If you suspect a brown recluse spider bite, wash the bite site with soap and water. Then call Poison Control at 1-800-222-1222. The nurse or pharmacist who answers your call will tell you what to do. If you need emergency care, the poison specialist will contact the emergency room staff with treatment advice. 

Serkalem Mekonnen, RN, BSN, MPH
Certified Specialist in Poison Information


For More Information

Centers for Disease Control and Prevention - Venomous Spiders in the United States

Black Widow Spiders (The Poison Post®, June 2012)

American Academy of Pediatrics - Spider Bite

National Institutes of Health - Spider Bites


References

Andersen RJ, Campoli J, Johar SK, Schumacher KA, Allison EJ Jr. Suspected brown recluse envenomation: a case report and review of different treatment modalities. J Emerg Med. 2011; 41:e31-e37. doi:10.1016/j.jemermed.2009.08.055.

Elbahlawan LM, Stidham GL, Bugnitz MC, Storgion SA, Quasney MW. Severe systemic reaction to Loxosceles reclusa spider bites in a pediatric population. Ped Emergency Care. 2005;21:177-180.

Juckett G. Arthropod bites. Am Fam Physician. 2013;88:841-847.

Tarullo DB, Jacobsen RC, Algren A. Two successive necrotic lesions secondary to presumed Loxosceles envenomation. Wilderness & Environmental Medicine. 2013; 24:132–135.

Poisoned?

CALL 1-800-222-1222

Prevention Tips

  • Shake out items such as gloves, boots, shoes, clothing and blankets before using them.
  • Store clothes, shoes and unused items in sealed plastic containers or bags.
  • Warn the spiders by making noise or vibrations (i.e. stomping your feet) before entering basements, attics, storage areas and unused closets.
  • Avoid clutter. Brown recluse spiders love to hide in the nooks and crannies of your home, or in between or under items.
  • Use glue traps.
  • Seal small openings, holes and cracks on the outside of your home to prevent entry by spiders, other insects or pests. 

This Really Happened

A 30-year-old man went to his doctor's office because of a possible insect bite on his hip. He had noticed the bite a few days before. The bite site had since begun to look worse. The surrounding skin had become much darker in color and a small part of it had turned black.
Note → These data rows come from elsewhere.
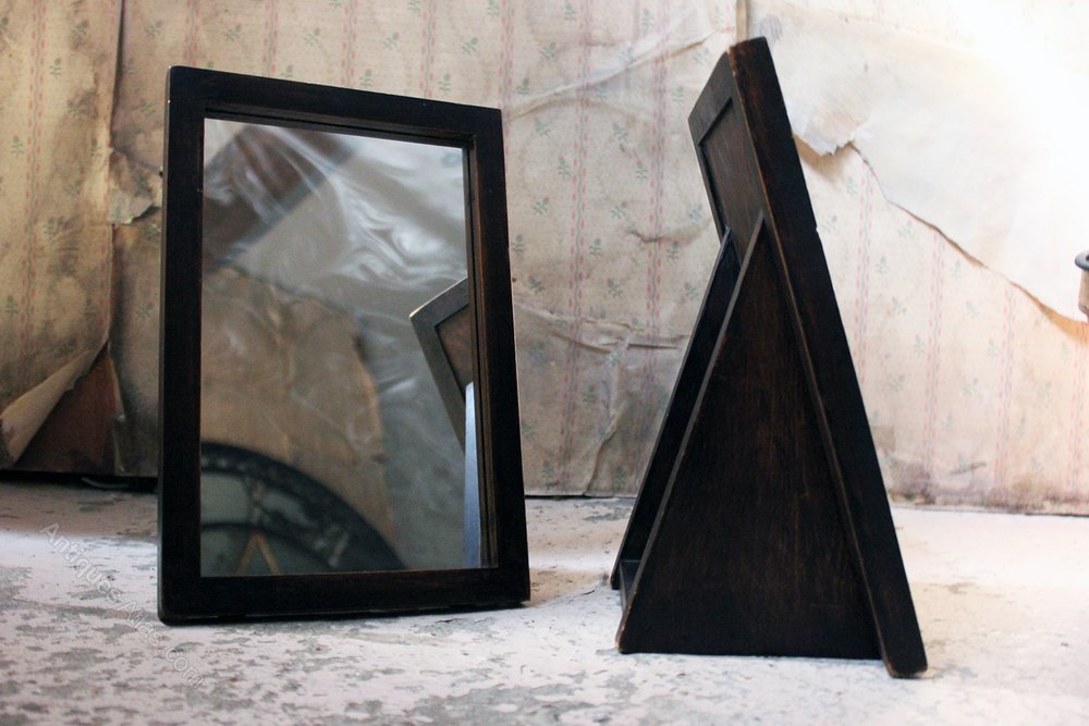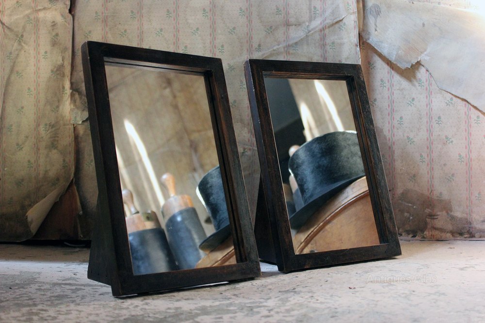 The pair of rectangular oak framed and easel backed table mirrors, to aid the selecting of an appropriate hat in a milliners shop, and hailing from the collection of items removed from the former milliners shop of Annie Gold, 42 Brushfield Street, Spitalfields, London.
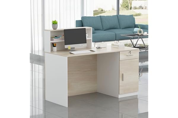 Reception Counter Desk with Lockable Srotage Drawers, for Salon Reception Room Checkout Office, Natrual (55.1" L x 23.6" W x 43.3" H)
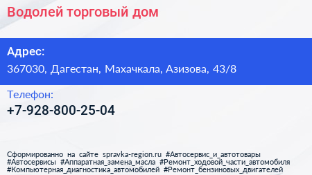 Водолей, торговый дом по адресу 367030, Дагестан, Махачкала, Азизова, 43/8 в дальнейшем Организация, размещена в следующих категориях:

Four days prior, the patient had seen what he thought was a brown recluse spider that may have bitten him. The doctor also suspected a brown recluse spider bite and called Poison Control for treatment advice.

The wound appeared to be infected. Both intravenous (IV) and oral antibiotics were given. Because the wound was deep and surrounded by blackened, dead tissue, debridement by a surgeon was required. Debridement is a procedure in which a doctor removes unhealthy tissue - dead, damaged or infected - in order to help the remaining healthy tissue heal properly.

The patient responded to the antibiotics and the infection cleared up. Two weeks after the bite, the wound was beginning to heal and healthy tissue was forming.